As I’ve said before, political correctness will be the death of us.
Talking about progress towards a vaccine, here’s a great reference page about possible vaccines and how far down the testing process each one is.
This article is a sobering reminder that even “mild” cases of the virus risk severe ongoing consequences.
Musical Interlude
Here’s a great feel-good video. If you’re of the “Beatles generation” (which basically is everyone born from, I don’t know, the 40s pretty much through now, isn’t it) the chances are you’ll find it as lovely as I did.
Please stay happy and healthy; all going well, I’ll be back again soon.
Please click here for a listing of all our Covid-19 articles.
What a terrific video! I won’t spoil it, but really great. Thanks for sharing.
🙂
Why do people not wear masks — well the President said they were optional. So people believe it doesn’t matter what the state law says (incorrect). If the President would just put on a mask and tell people to do, a significant number on non-mask wearers would start wearing one.
Why do stores not enforce mask rules. Maybe because some did in Michigan and got murdered!
Why do, generally, Republican sheriffs state they will not enforce mask laws?
You know, Biz, I don’t think in any of the reports of non-mask wearers, including my own encounters, have I heard a justification “the President said they were optional”. Neither has any person, or sheriff, said “I’m a Republican so I won’t wear a mask”.
Although mask support is weaker among Republicans and stronger among Democrats, this is not a political thing, and trying to make it one ignores the underlying problem.
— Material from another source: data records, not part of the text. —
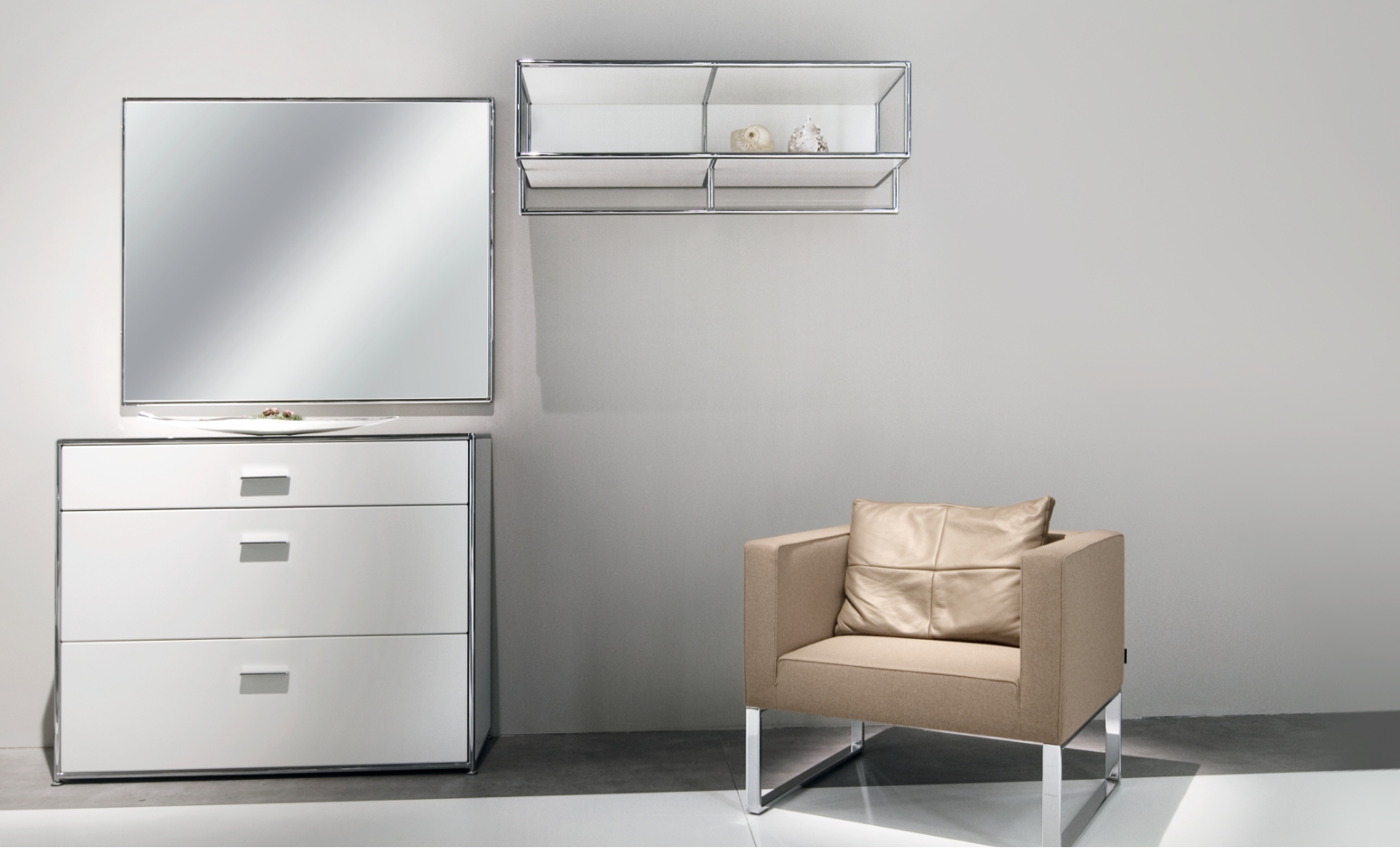 Modul space is an impressive building-block system with its almost unlimited modularity. The high-quality tubes, connectors and panels form the basis of a system that can be used to create a wide range of different furniture and furnishing solutions.
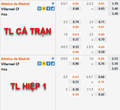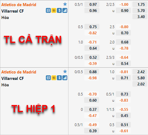 Atletico Madrid vẫn đang có tỷ lệ chấp chính là 3/4 như thời điểm chúng tôi cập nhật trước đây nhưng điểm ăn của đội chủ nhà đã được điều chỉnh giảm so với trước đây. Bên phía tỷ lệ tài xỉu, mốc 2 1/4 vẫn được duy trì là mốc chính của trận đấu và điểm ăn của cửa tài có xu hướng giảm thời gian vừa qua nhưng không nhiều.
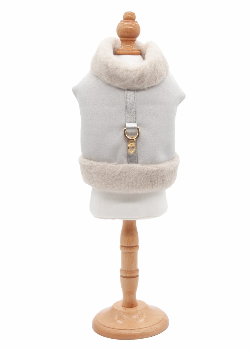 Pettorina dall’aspetto molto elegante e caldo, presenta l’esterno con un effetto scamosciato in un delicato color ghiaccio, morbido e opaco, e l’interno in pelliccia soffice, che garantisce calore
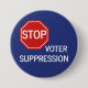 Taste mit Stoppschild und Text "Stopp Voter Suppression" auf dunkelblauem Hintergrund.
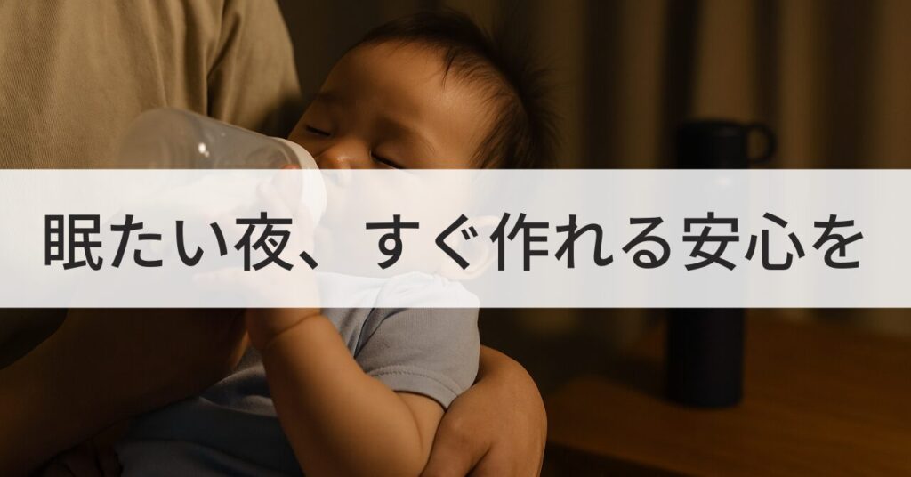 赤ちゃんが夜中に泣いたとき、急いでお湯を沸かし、粉ミルクを計って、適温に調整して…

Let’s just say I disagree.
I don’t have a WSJ subscription to get the article but it was widely reported that in an interview Trump made a statement like this:
‘He told the Wall Street Journal that some people only wore masks as a political statement against him’
Sounds like he thinks it political.
And its just a random occurrence that Sheriffs that say they will not enforce mask orders all were elected as Republicans.
Only Republican governors prohibited local health departments from requiring masks
So maybe I can’t prove it beyond a shadow of a doubt, there is a lot of evidence
If you’re going to start using Mr Trump’s statements and thoughts as proof, then that’s a remarkable transition, and I hope you’ll consistently continue to do so into the future.
I agree more Republicans than Democrats feel the way you object to, but it is not a Republican political platform or policy. The one doesn’t imply the other, and as you also know, although I lean more Republican than Democrat, I think the anti-maskers are dangerous lunatics, no matter which way they vote.